TASK INSTRUCTIONS: Leaving pictures aside, restate exactly the lines of the data below, from the first one through the line that contains "I started with".

INPUT:
####################
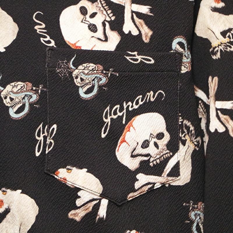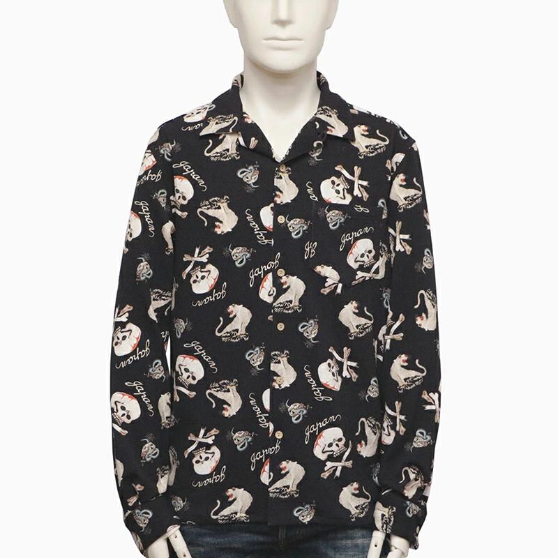 ストレッチ素材生地を使用した総柄 ヴィンテージスカルの長袖シャツ
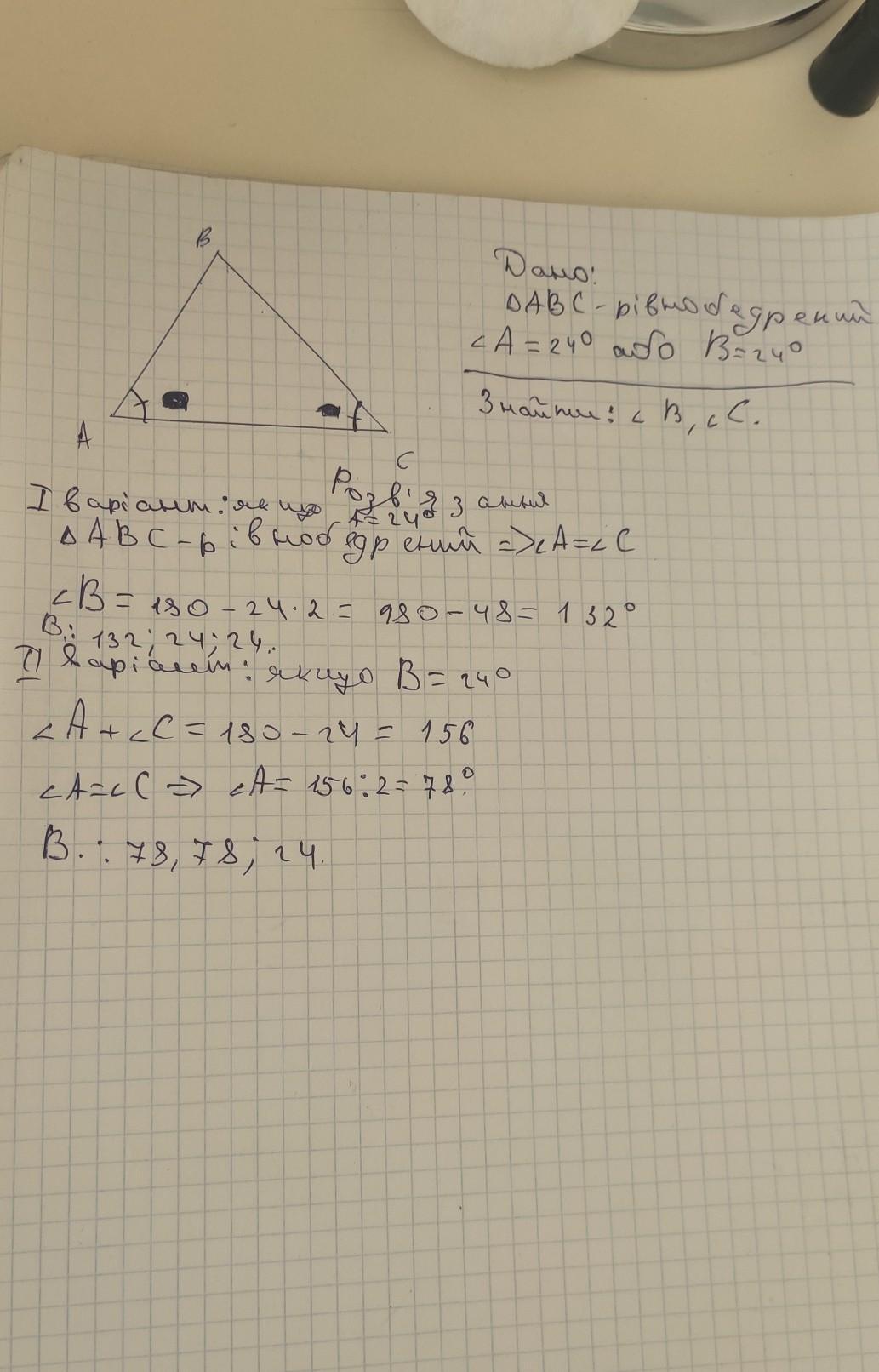 ПОМОГИТЕ ОЧЕНЬ СРОЧНО Один із кутів рівнобедреного трикутника на 24° більший за інший. Знайдіть кути трикутника.
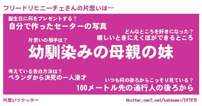 | 胡散臭い通販商品みたいなあだ名 | 『必ず成功するブレスレット…その名も「フリードリヒニーチェ」』 |
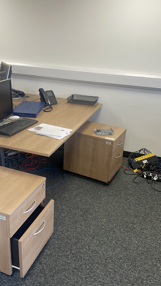 That’s 460 square-foot office has been left as the people are working on it so they are circa 10 dis 6 side tables 9 to 10 cheers 1314 computer screens, seven phones filing cabinet, full of phones and stationary small fridge. LabelMaker, a router as a storage cabinet, lots of cables books and a shredder
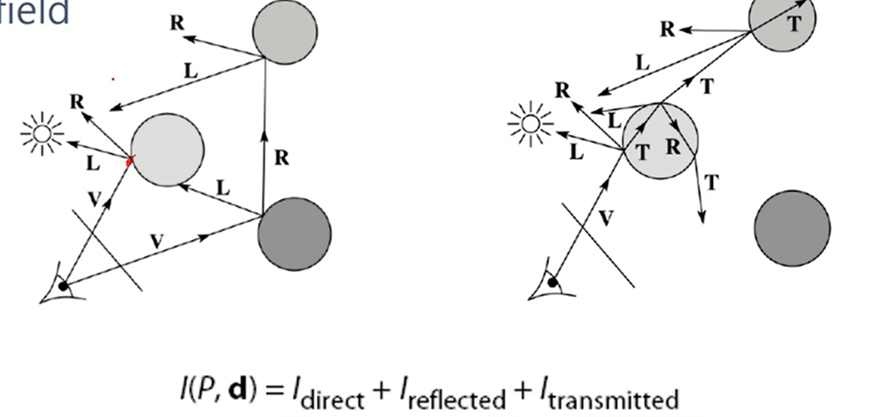- 반사되어 a에서 b로 가는 빛도 있겠지만 투명한 물체라서 통과하여 새로운 점c로 닿을 수도 있다. 이를 모두 더하게 된다.
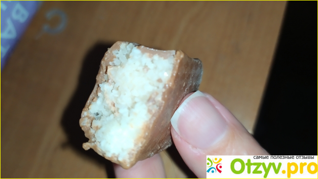 Начинка очень ароматная, нежная и не жёсткая. Батончик не чересчур сладкий, очень вкусный. Этот батончик по вкусу напоминает всем известный Bounty, только дешевле.
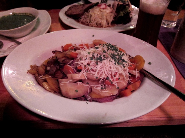 I started with beer, this time a dark wheat beer that I could really sink my teeth into. On a side note, I’ve been drinking beer with dinner the last few nights, because that has seemed to more closely fit the atmosphere of the restaurant. It seems wrong somehow to go to a bierhaus or tavern and order wine. I will eventually turn again to the local Rieslings and Gruners, but so far it has been a good decision and last night certainly didn’t disappoint.
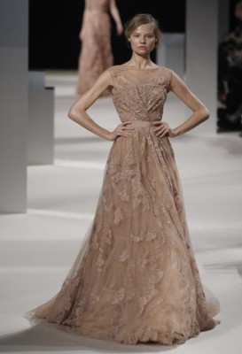 Jean Paul Gaultier: o tema da coleção era “punk can-can”. Apesar do perigo de cair no clichê, o estilista soube trabalhar com seu bom humor característico, começando pela voz de Catherine Deneuve anunciando cada look, como se fazia antigamente! Entre peças de alfaiataria e vestidos com babados, bordados e estampas, a coleção privilegiou o preto e o bege e ainda teve o modelo andrógino André Pejic como noiva! Mais Gaultier, impossível!
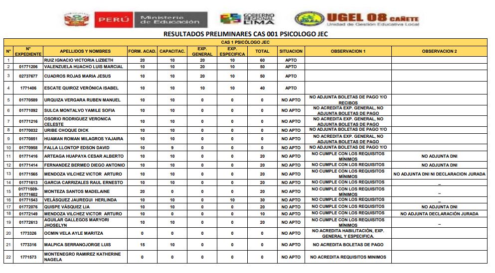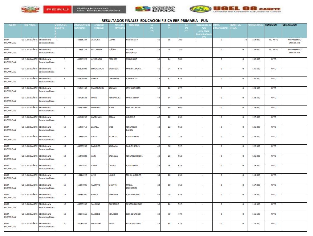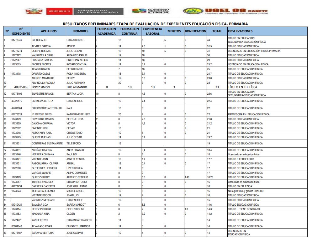 RESULTADOS PRELIMINARES DE EVALUACIÓN DE EXPEDIENTE – EDUCACIÓN FÍSICA EBR PRIMARIA
####################
ANSWER AREA:
 ストレッチ素材生地を使用した総柄 ヴィンテージスカルの長袖シャツ
 ПОМОГИТЕ ОЧЕНЬ СРОЧНО Один із кутів рівнобедреного трикутника на 24° більший за інший. Знайдіть кути трикутника.
 | 胡散臭い通販商品みたいなあだ名 | 『必ず成功するブレスレット…その名も「フリードリヒニーチェ」』 |
 That’s 460 square-foot office has been left as the people are working on it so they are circa 10 dis 6 side tables 9 to 10 cheers 1314 computer screens, seven phones filing cabinet, full of phones and stationary small fridge. LabelMaker, a router as a storage cabinet, lots of cables books and a shredder
- 반사되어 a에서 b로 가는 빛도 있겠지만 투명한 물체라서 통과하여 새로운 점c로 닿을 수도 있다. 이를 모두 더하게 된다.
 Начинка очень ароматная, нежная и не жёсткая. Батончик не чересчур сладкий, очень вкусный. Этот батончик по вкусу напоминает всем известный Bounty, только дешевле.
 I started with beer, this time a dark wheat beer that I could really sink my teeth into. On a side note, I’ve been drinking beer with dinner the last few nights, because that has seemed to more closely fit the atmosphere of the restaurant. It seems wrong somehow to go to a bierhaus or tavern and order wine. I will eventually turn again to the local Rieslings and Gruners, but so far it has been a good decision and last night certainly didn’t disappoint.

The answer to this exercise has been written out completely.